LooseLab / Icarust

A fully featured MinKNOW simulator for testing read until experiments.
Mozilla Public License 2.0
17 stars 7 forks source link

Question regarding weight distribution #27

Closed Nirmal2310 closed 1 month ago

Nirmal2310 commented 1 month ago

Hey @Adoni5, I hope you are doing well. I have a basic question regarding weight distribution. Please forgive me if I understand it incorrectly.

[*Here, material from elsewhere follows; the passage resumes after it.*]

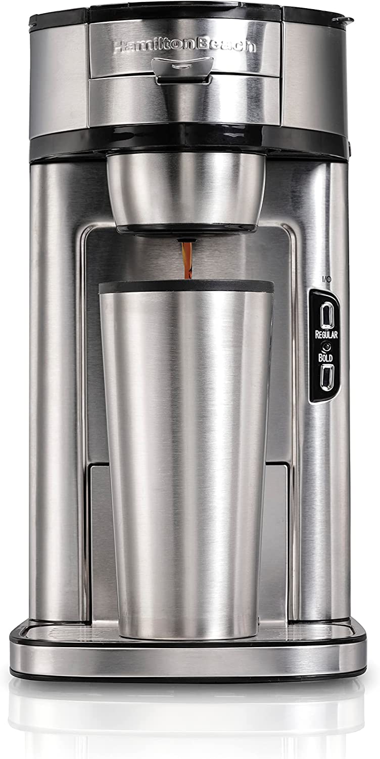 This is so simple…no need to measure the coffee and simply place a coffee mug or travel cup and you’re ready to go. Amazon $35.00

As you mentioned in the Readme that it basically gives the likelihood of taking the read from the given target genome. The distribution.json file that you added to the repo looks like this: {"weights": [6264404, 5227293], "names": ["NC_002516.2", "NC_003997.3"]}

I am assuming that since the ratio is ~1.2, if I generate 1,000,000 bp, 454,546 bp will be from NC_003997.3 and 5454,54 bp from NC_002516.2. Please let me know, if I understand correctly.

Secondly, suppose I want to create a mock community like the zymobiomic gut community for which I know the concentration distribution across multiple species. How should I go about simulating this community through Icarust? One idea I have is to create a distribution.json file and add ratios of different genomes.

Can you tell me is it the right approach? If not, please help me how to go about it.

Adoni5 commented 1 month ago

Hi @Nirmal2310 - You have understood correctly! The ratio in this case is between Species, so 6264404 / (6264404 + 5227293) for NC_002516.2 to 5227293 / (6264404 + 5227293) for NC_003997.3.

If you are producing R9 data it would absolutely work to just alter the distributions.json weights, you could even just use 1,2,3,4,5 etc.

If you are producing R10 data, you could instead list this in the Simulation Profile Toml, where each bacteria is a sample, and the weight is given underneath each sample table.

Nirmal2310 commented 1 month ago

Hey @Adoni5, thank you so much for the reply. I will try this approach and get back to you if any problem occurs.